(Source records)
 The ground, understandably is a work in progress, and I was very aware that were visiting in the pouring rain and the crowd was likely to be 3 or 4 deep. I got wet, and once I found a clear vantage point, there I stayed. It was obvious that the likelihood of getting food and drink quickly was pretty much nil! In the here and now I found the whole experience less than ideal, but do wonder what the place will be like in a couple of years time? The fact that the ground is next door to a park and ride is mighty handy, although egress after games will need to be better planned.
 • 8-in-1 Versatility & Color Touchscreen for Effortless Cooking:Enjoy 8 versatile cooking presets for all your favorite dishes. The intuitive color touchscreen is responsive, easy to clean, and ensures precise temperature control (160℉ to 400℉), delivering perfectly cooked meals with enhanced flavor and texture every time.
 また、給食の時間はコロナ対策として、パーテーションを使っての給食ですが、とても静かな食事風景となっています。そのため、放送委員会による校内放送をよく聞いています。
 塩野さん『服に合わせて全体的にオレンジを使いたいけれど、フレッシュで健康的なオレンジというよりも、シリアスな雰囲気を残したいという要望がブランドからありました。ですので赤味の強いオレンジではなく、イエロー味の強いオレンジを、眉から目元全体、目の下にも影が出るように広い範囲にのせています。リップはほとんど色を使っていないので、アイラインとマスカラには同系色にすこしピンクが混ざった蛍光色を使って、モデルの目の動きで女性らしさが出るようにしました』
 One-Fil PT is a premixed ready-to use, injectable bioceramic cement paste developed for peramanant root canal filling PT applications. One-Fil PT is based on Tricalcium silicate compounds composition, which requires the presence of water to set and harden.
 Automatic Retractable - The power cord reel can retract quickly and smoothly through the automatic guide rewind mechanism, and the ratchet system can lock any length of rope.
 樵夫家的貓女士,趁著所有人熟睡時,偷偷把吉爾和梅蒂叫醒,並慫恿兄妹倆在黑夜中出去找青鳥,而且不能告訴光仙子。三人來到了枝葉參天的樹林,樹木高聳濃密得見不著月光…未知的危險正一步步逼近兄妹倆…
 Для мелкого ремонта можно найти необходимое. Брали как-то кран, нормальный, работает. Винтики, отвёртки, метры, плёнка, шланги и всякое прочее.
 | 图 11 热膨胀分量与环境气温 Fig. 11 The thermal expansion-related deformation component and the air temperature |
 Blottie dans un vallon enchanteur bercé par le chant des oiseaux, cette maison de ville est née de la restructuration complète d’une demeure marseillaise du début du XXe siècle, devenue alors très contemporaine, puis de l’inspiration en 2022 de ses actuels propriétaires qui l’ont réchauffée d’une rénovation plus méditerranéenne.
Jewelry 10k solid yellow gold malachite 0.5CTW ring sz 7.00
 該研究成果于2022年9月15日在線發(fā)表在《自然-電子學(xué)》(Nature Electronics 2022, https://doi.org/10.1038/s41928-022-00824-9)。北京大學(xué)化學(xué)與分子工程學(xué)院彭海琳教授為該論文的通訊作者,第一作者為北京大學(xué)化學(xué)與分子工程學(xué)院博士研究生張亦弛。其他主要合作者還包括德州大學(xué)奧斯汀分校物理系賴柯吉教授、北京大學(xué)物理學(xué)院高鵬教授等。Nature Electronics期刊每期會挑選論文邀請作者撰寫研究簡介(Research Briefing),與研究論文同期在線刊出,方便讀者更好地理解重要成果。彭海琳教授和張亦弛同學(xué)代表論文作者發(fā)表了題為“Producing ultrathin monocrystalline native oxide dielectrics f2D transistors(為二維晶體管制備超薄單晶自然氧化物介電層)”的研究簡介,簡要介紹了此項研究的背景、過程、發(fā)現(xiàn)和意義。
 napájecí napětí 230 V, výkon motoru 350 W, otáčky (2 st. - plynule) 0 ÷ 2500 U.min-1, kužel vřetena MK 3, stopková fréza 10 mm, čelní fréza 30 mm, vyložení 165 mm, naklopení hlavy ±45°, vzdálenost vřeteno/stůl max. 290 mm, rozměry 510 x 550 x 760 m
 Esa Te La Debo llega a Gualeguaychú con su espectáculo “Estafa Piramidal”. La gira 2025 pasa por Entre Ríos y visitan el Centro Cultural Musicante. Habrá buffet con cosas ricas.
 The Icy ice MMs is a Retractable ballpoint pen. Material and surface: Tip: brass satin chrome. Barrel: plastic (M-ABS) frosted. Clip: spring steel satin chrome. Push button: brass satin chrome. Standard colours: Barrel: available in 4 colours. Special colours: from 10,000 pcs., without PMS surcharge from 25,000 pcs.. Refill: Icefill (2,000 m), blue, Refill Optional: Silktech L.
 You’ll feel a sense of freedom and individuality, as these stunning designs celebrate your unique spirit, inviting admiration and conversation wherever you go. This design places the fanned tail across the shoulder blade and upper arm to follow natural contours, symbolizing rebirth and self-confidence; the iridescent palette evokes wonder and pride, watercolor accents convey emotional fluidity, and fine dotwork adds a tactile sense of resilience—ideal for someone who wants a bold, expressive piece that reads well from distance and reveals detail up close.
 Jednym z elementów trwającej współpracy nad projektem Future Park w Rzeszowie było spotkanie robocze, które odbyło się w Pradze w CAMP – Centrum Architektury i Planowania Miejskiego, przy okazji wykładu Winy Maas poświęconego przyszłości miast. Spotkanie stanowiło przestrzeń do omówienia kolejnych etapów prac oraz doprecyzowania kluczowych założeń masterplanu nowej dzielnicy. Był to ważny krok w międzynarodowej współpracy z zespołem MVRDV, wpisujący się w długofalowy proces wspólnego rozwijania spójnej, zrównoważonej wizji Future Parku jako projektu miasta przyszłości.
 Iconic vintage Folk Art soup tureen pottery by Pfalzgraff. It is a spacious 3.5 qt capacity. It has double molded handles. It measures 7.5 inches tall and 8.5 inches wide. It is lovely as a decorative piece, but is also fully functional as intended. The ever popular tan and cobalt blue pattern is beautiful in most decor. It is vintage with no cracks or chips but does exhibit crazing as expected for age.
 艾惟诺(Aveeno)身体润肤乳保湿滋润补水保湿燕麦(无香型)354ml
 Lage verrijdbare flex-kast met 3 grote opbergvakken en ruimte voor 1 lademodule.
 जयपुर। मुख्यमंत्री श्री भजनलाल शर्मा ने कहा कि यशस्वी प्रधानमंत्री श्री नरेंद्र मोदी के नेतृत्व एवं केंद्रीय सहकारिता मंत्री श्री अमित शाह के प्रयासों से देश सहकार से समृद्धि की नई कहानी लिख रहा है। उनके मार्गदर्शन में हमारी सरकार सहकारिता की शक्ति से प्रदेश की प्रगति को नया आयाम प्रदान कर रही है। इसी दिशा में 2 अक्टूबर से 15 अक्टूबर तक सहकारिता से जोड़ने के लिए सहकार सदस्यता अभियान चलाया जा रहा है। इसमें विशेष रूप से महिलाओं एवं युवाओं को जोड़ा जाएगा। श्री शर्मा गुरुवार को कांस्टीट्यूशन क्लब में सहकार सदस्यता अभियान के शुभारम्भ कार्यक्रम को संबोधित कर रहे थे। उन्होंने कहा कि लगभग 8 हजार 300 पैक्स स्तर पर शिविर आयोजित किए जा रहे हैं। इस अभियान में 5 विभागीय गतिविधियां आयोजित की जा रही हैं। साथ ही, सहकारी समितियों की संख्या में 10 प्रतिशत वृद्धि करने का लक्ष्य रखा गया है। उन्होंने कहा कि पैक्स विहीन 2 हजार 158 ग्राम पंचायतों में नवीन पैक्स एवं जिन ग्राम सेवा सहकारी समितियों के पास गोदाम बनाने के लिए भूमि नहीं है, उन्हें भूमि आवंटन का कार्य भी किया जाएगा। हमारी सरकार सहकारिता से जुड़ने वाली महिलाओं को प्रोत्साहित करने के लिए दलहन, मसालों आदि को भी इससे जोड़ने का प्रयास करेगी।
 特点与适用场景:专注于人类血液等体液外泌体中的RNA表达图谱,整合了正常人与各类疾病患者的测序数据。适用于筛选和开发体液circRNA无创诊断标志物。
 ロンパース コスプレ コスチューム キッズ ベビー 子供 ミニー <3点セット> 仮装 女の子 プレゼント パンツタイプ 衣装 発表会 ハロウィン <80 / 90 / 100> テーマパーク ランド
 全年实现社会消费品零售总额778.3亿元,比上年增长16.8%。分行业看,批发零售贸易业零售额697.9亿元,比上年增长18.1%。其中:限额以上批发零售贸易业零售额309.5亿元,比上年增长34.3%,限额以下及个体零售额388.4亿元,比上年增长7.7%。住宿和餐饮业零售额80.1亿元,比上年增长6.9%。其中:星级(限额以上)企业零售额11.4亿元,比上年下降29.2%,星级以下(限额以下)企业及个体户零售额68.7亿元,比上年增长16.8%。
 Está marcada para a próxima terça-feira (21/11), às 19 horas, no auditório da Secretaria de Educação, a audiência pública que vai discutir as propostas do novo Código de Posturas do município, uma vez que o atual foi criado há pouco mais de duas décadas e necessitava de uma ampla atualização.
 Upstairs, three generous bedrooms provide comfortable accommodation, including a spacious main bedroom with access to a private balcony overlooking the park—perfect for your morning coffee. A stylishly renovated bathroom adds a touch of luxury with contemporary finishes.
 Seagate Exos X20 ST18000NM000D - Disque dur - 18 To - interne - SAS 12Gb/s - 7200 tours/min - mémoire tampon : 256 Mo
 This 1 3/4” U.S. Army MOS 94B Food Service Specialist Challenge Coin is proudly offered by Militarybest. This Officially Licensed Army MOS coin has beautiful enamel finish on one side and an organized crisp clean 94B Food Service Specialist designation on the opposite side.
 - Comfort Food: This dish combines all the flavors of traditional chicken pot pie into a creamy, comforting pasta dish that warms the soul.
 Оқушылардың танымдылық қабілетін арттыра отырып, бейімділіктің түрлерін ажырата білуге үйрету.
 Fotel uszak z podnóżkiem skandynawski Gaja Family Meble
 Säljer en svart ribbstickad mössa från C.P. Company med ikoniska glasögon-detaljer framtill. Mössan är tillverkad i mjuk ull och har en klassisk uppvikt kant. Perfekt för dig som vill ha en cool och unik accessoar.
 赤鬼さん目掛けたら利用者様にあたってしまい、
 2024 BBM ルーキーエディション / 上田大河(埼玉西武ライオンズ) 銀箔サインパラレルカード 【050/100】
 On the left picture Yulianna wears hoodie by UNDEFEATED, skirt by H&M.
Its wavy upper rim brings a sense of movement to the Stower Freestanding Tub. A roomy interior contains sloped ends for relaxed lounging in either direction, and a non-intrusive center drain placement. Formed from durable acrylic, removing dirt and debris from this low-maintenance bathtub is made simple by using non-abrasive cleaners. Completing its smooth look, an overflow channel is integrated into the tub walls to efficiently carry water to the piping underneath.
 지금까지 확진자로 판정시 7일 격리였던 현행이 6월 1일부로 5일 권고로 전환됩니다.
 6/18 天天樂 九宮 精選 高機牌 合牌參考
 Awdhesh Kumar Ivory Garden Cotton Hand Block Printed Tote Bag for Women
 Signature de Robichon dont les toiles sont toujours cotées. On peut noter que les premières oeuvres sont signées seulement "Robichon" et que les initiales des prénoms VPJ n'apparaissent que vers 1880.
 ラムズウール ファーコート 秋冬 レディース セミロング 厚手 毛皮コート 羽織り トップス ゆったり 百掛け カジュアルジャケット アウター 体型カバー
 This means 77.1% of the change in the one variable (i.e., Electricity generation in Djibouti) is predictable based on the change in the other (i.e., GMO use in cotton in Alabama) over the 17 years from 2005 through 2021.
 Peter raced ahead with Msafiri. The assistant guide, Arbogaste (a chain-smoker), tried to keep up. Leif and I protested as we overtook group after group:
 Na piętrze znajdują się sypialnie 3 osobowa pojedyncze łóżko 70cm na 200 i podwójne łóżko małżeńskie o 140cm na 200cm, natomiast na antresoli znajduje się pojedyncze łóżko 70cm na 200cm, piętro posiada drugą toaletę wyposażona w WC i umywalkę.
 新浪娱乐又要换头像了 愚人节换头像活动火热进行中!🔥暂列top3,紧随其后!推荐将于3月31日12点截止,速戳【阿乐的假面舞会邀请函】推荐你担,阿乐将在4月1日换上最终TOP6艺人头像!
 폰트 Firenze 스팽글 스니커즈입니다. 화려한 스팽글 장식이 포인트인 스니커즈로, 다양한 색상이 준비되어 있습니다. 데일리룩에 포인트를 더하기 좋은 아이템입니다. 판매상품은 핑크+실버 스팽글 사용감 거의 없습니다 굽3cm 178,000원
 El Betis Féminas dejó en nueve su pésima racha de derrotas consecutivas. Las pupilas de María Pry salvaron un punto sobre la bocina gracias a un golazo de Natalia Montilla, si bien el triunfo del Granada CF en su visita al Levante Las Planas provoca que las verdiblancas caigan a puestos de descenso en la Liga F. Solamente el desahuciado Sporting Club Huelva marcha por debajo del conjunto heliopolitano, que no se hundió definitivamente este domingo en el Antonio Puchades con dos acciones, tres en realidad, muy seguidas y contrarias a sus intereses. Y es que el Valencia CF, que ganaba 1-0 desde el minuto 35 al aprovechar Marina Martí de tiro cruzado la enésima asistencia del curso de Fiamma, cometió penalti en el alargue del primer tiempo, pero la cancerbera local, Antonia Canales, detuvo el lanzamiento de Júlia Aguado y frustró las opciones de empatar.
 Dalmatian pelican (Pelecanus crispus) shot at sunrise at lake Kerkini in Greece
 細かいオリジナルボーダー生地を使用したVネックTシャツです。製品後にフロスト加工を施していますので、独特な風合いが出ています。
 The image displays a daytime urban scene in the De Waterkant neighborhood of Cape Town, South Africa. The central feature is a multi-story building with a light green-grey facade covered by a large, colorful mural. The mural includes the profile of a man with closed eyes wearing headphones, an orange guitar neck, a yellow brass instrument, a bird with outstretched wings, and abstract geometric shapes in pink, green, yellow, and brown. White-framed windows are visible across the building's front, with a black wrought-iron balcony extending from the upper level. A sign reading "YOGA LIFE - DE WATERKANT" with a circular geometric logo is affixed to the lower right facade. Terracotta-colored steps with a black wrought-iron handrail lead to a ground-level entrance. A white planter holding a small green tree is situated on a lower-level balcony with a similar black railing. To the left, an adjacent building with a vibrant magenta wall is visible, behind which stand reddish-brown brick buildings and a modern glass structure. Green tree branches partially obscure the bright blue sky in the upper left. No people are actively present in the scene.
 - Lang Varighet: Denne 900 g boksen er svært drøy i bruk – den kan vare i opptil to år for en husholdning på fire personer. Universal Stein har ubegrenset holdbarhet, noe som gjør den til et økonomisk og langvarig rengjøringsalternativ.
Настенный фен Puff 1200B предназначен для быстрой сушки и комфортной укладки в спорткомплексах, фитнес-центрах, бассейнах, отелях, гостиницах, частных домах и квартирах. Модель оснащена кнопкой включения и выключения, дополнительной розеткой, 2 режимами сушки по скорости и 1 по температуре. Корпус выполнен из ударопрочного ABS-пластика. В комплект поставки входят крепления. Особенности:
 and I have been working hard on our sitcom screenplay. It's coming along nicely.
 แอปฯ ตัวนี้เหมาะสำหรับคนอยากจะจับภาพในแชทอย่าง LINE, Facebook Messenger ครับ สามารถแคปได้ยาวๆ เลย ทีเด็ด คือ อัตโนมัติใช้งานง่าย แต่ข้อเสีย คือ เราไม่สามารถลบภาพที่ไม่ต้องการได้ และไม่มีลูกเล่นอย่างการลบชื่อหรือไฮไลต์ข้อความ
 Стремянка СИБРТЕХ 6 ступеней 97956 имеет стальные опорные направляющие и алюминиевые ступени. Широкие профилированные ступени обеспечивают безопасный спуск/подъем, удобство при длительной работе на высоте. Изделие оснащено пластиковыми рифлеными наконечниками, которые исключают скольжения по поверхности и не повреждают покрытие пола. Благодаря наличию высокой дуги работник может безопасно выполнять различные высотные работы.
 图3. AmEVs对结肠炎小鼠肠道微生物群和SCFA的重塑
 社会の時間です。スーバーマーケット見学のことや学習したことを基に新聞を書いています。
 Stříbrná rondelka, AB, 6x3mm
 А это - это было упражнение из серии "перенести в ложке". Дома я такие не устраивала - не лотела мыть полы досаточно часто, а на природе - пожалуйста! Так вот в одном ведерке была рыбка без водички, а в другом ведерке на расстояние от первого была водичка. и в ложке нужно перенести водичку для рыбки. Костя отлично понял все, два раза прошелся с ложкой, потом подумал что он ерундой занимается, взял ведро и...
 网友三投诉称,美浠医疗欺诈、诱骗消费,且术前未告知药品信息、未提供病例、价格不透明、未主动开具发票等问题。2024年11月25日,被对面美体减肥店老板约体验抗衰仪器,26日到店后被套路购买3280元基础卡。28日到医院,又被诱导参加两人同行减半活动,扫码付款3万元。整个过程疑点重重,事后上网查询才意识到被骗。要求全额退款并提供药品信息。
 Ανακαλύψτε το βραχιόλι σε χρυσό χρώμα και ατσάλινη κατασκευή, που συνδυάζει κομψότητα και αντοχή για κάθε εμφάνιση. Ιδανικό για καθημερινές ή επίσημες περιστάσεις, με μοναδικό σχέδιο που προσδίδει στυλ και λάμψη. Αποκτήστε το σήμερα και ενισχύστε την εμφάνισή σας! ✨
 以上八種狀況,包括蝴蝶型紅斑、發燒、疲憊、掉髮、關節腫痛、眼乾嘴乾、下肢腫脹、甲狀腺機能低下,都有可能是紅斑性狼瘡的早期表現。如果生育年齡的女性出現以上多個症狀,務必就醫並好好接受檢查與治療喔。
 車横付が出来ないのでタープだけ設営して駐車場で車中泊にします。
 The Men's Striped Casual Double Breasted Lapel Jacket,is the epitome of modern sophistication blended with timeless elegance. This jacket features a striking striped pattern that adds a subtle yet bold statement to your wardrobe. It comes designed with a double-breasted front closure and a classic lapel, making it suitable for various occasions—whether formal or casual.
(End Source records)
Pick each line holding "guide" out of the entries above and return it.

 Automatic Retractable - The power cord reel can retract quickly and smoothly through the automatic guide rewind mechanism, and the ratchet system can lock any length of rope.
 Peter raced ahead with Msafiri. The assistant guide, Arbogaste (a chain-smoker), tried to keep up. Leif and I protested as we overtook group after group:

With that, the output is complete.